Internet-Draft         RPC/RDMA Round-trip Issues          February 2018


   o  The responder, after being notified of the receipt of the request,
      proceeds to process the request until the data to be read is
      available in its own memory, with its location determined and
      fixed.  It then uses RDMA WRITE to transfer the bulk data to the
      location in requester memory selected previously.  This involves
      an internode latency, but there is no round trip and thus no
      round-trip latency,

   o  The responder continues processing and sends the inline portion of
      the response.  Again, as this is in the context of connected
      operation, there is an internode round trip involved.  However,
      the next step can proceed immediately.  If the RDMA WRITE or the
      send of the inline portion of the response were to fail, the
      responder can be notified subsequently.

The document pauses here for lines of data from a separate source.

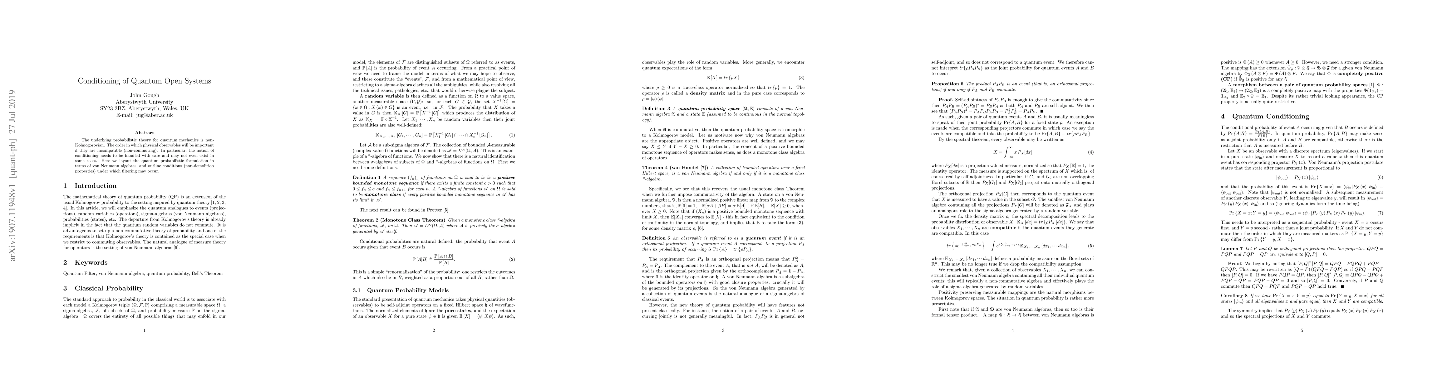 This paper explores quantum probabilistic theory beyond Kolmogorovian frameworks, focusing on the non-commuting nature of incompatible observables and the complexities of conditioning in quantum open systems. It introduces a formulation using von Neumann algebras and discusses conditions for quantum filtering.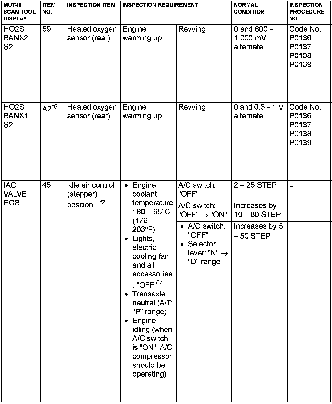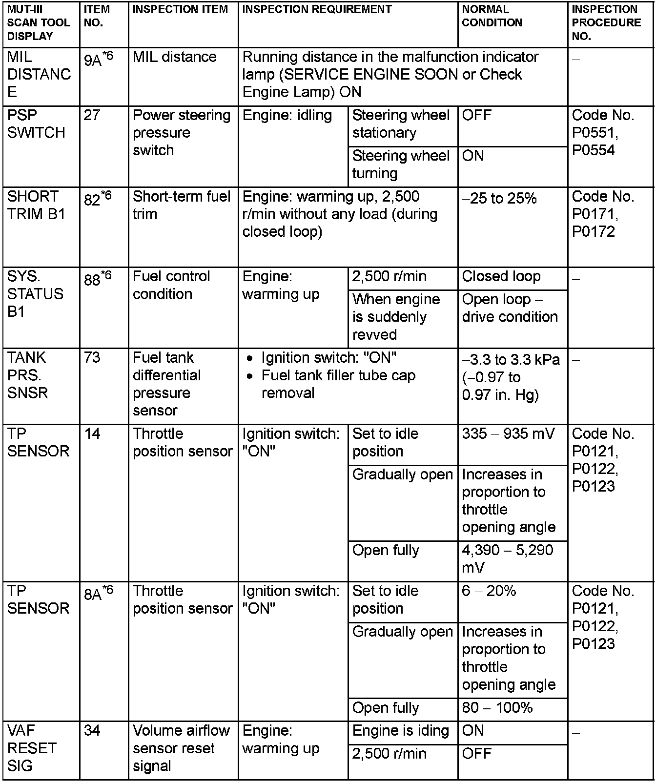 NOTE: *6: GST items. [Data list items consist of MUT-III items and GST items. GST items can be accessed through the use of a general scan tool (GST). When scan tool MB991958 (MUT-III sub assembly) is used, MUT-III items appear alphabetically; then, GST items appear alphabetically. The black and white characters of the GST items are inverted from the MUT-III items.]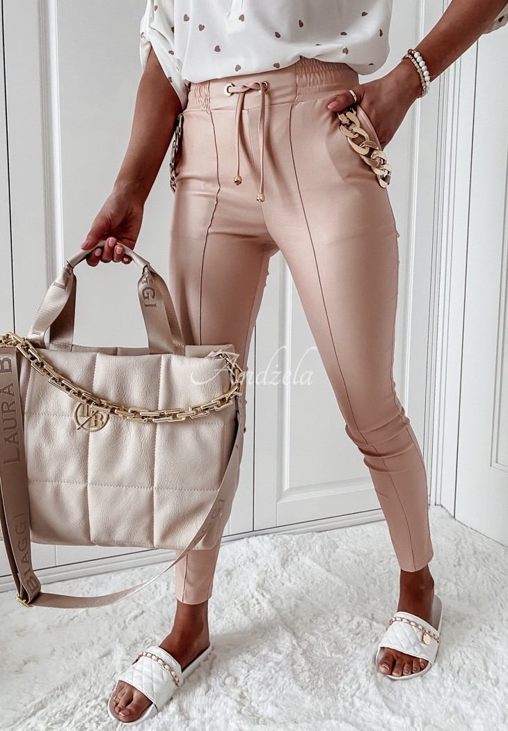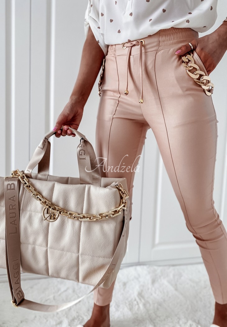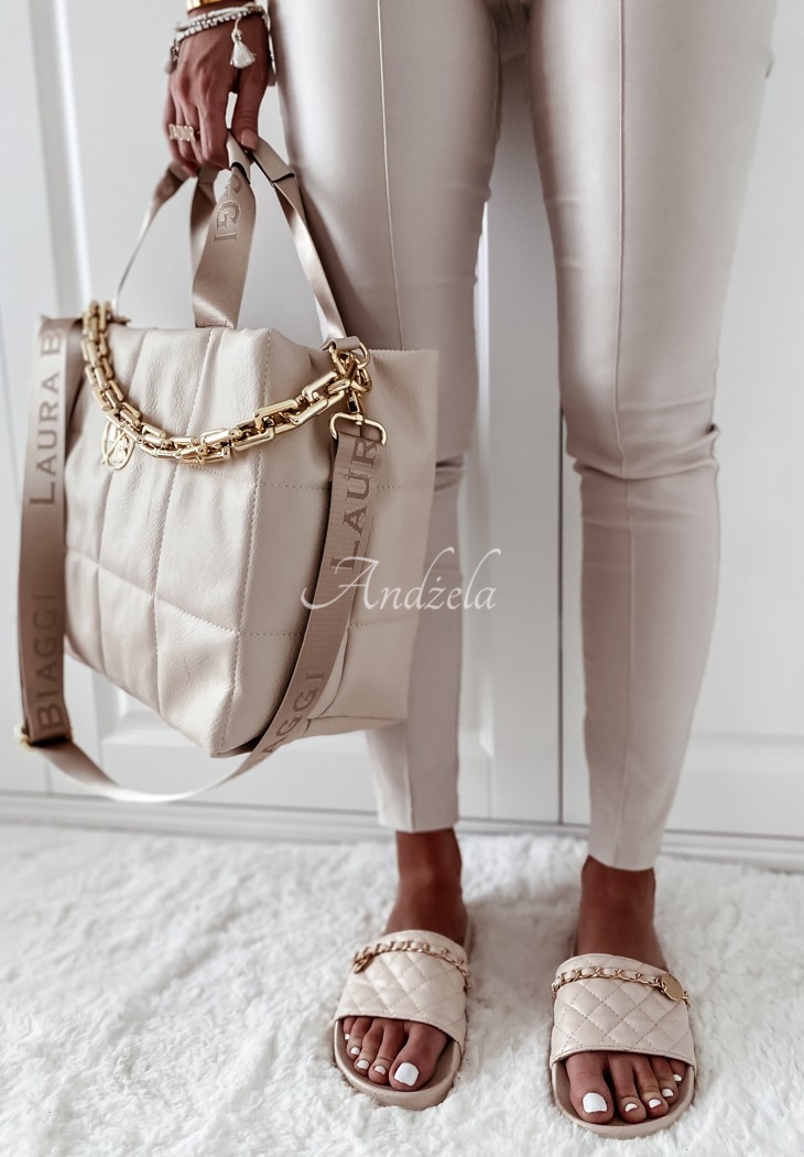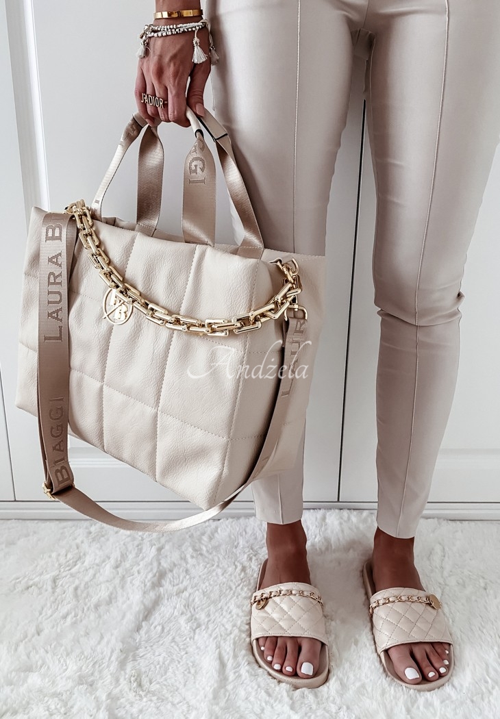 Elegant and very packable handbag made of quilted material, it will certainly be a great addition to many stylings. The model has a decorative gold chain, which gives it character. The bag has handles and an adjustable strap. Inside it has three pockets in which one is zippered.

   o  The requester, after being notified of the receipt of the
      response, can analyze it and can access the data written into its
      memory.  Deregistration of the memory originally registered before
      the request was issued can be done using remote invalidation or
      can be done by the requester as a local operation

   To summarize, in this case the additional latency that we saw in
   Section 2.2 does not arise.  Except for the additional overhead due
   to memory registration and invalidation, the situation is the same as
   for a request not using explicit RDMA operations in which there is a
   single inter-node round-trip latency and one interrupt latency on the
   requester and the responder.

3.  Near-term Work

   We are going to consider how the latency and overhead issues
   discussed in Section 2 might be addressed in the context of an
   extensible version of RPC-over-RDMA, such as that proposed in
   [I-D.cel-nfsv4-rpcrdma-version-two].

   In Section 3.1, we will establish a performance target for the
   troublesome requests, based on the performance of requests that do
   not involve long messages or direct data placement.

   We will then consider how extensions might be defined to bring
   latency and overhead for the requests discussed in Section 2.1 into
   line with those for other requests.  There will be two specific
   classes of requests to address:

   o  Those that do not involve direct data placement will be addressed
      in Section 3.2.  In this case, there are no compensating benefits
      justifying the higher overhead and, in some cases, latency.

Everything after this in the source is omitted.